Purists? What the actual fuck? I just pointed out some blatantly incorrect shit you wrote.
Except that nothing I wrote was incorrect.
You just took offense that I wasn't impressed by your feeble attempt at making an argument.
It was amusing, though, so thanks for that.

Quoting: Guest
Quoting: TheSHEEEPMaintenance of old crap (and yes, I picked that word deliberately) slows down everything in software development. Absolutely everything.
So is Linux slowed down by not breaking compatibility? You should point that out to Linus...
Anyway, it looks like you don't know much about real-life software: maintaining "old crap" is essential, because the world literally run on that.
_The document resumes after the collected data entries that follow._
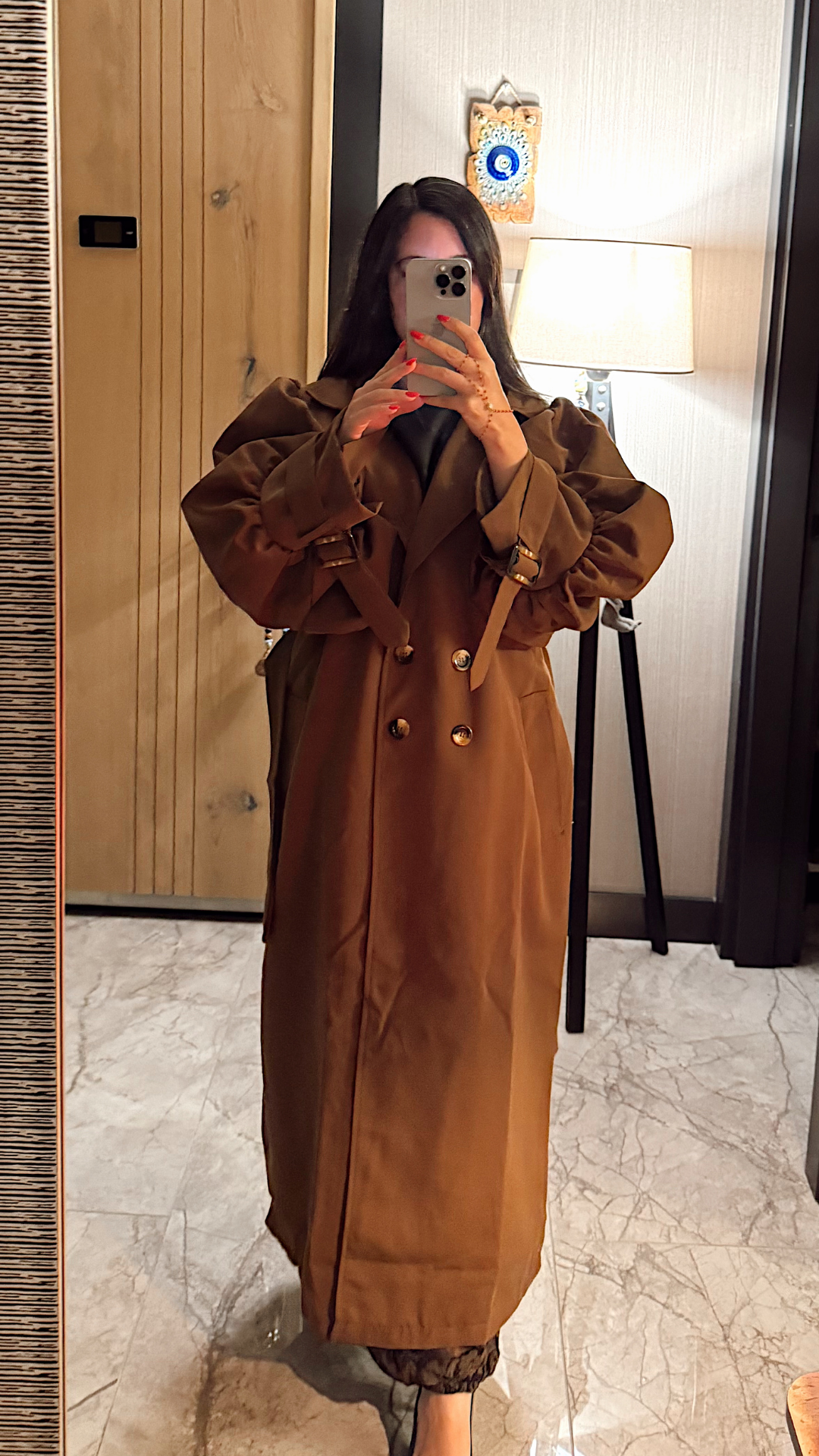 Balon Kol Kruvaze Yaka Uzun Trençkot -Kahverengi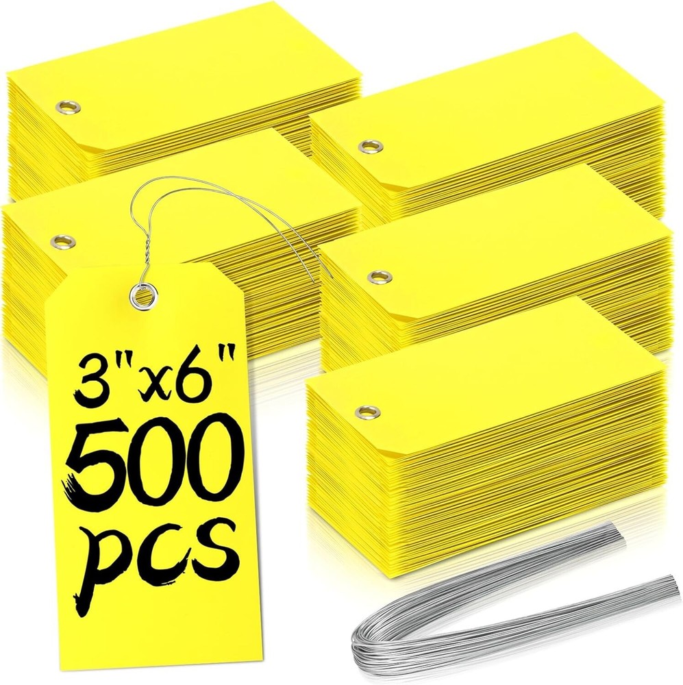 500 Yellow 3x6 Waterproof Plastic Hang Tags - Heavy Duty & Versatile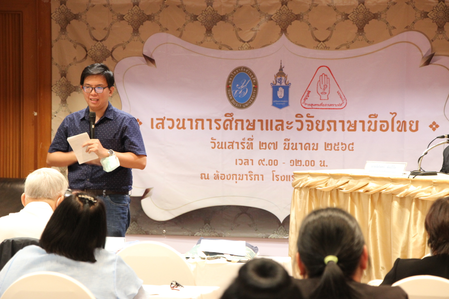 หลักสูตรประกาศนียบัตรบัณฑิต สาขาล่ามภาษามือ มหาวิทยาลัยสวนดุสิต ร่วมกับมูลนิธิอนุเคราะห์คนหูหนวก ในพระบรมราชินูปถัมภ์ และมูลนิธิอนุสารสุนทรเพื่อการสงเคราะห์คนหูหนวกฯ จัดงานเสวนาวิชาการการศึกษาวิจัยภาษามือไทย โดยได้รับเกียรติจาก ดร.สิทธิพร เอี่ยมเสน คณบดีคณะครุศาสตร์ มหาวิทยาลัยสวนดุสิต และนายศุขสนั่น โชติกเสถียร ประธานกรรมการมูลนิธิอนุเคราะห์คนหูหนวก ในพระบรมราชินูปถัมภ์ กล่าวเปิดงาน จากนั้นเป็นการอภิปรายในเรื่องความท้าทายในการสอนภาษามือไทยในโรงเรียนโสตศึกษา และการเสวนาหลักการศึกษาวิจัยและการพัฒนาภาษามือไทย โดยได้รับเกียรติจาก นายอัมรินทร์ พันธ์วิไล ผู้อำนวยการโรงเรียนโสตศึกษาอนุสารสุนทร และดร.สุขสิริ ด่านธนวานิช ร่วมอภิปราย ดำเนินการอภิปราย โดย ดร.มลิวัลย์ ธรรมแสง ประธานหลักสูตรประกาศนียบัตรบัณฑิต สาขาล่ามภาษามือ  และได้รับเกียรติจากนายสมยศ นิมมานเหมินท์ ประธานกรรมการมูลนิธิอนุสารสุนทรเพื่อการสงเคราะห์คนหูหนวกฯ กล่าวปิดงาน งานเสวนาวิชาการการศึกษาวิจัยภาษามือไทย จัดขึ้นเมื่อวันเสาร์ที่ 27 มีนาคม 2564 ณ ห้องกุมาริกา โรงแรมสวนดุสิตเพลส มหาวิทยาลัยสวนดุสิต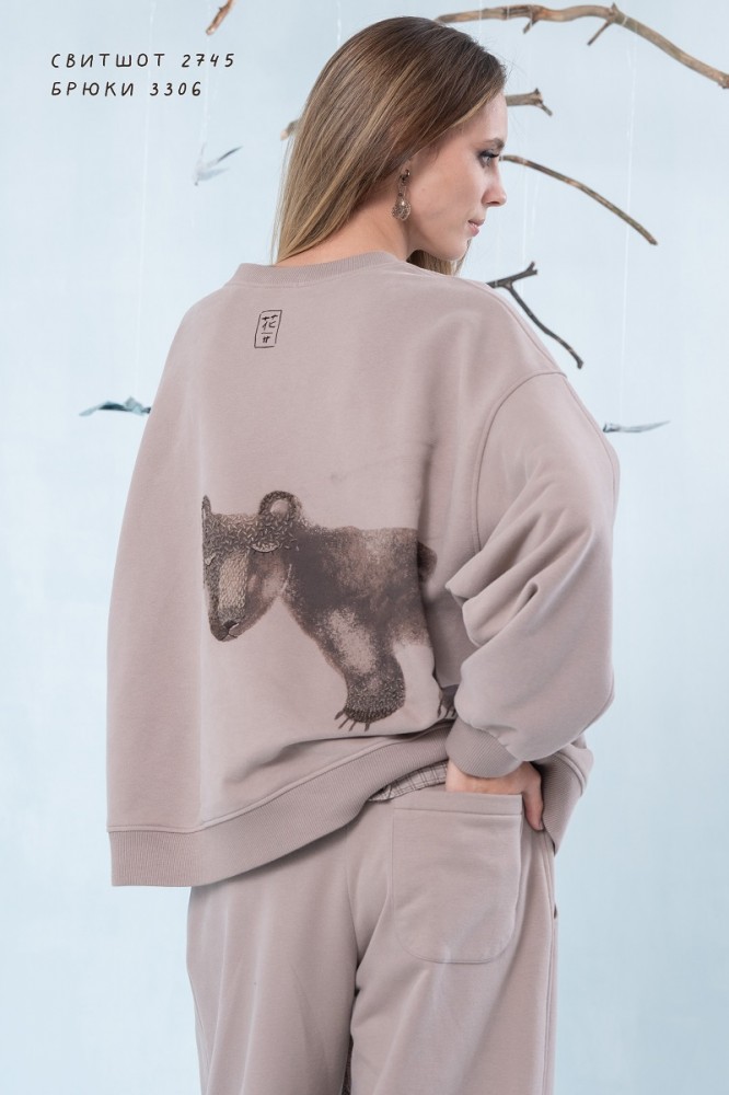 Свитшот в цвете капучино с принтом от авторского бренда Lea Lea

It's no coincidence that the one market where Linux is actually significant are the servers...
You have not understood a single thing I wrote.
And you have also not finished reading.
I mean, you even kept quoting the part where I clearly say where it does make sense.
Ouch. Do you often get ahead of yourself like that? Isn't that a bit embarrassing?

Quoting: GuestDo you even have an example of this or just making stuff out of your ass at this point?
That's the amazing thing:
Microsoft did it. And that made it lose touch with developers and creators around the planet, something they only very slowly manage to correct.
Hell, even their own cash cow, Azure, for the most part earns them money based on Linux servers.

Quoting: Guest
Quoting: TheSHEEEPThe kernel mantra only makes sense in the rarest of rarest of occasions - Linux kernel being one of them
Please don't write "Linux kernel", it makes you look even more ignorant than you are.
That's what it's called.
There are even articles about it, in simple words, too, so that (mostly) everyone can understand:
Shit's crazy, man! There's even a mascot and everything! You wouldn't believe it!
Unless, of course, you want to prove to me that the Linux kernel is not, in fact, the Linux kernel.

I know purists really like to take offense at some terms, but that one is a bit of a strange to one to get your panties in a twist for, don't you think?

Last edited by TheSHEEEP on 16 May 2023 at 8:12 pm UTC
Klaas May 22, 2023
There was a story on BBC Radio 4 about a 10 year old girl that spent more than 2500 Pounds on Roblox micro transactions. The BBC helped the mother get her money back.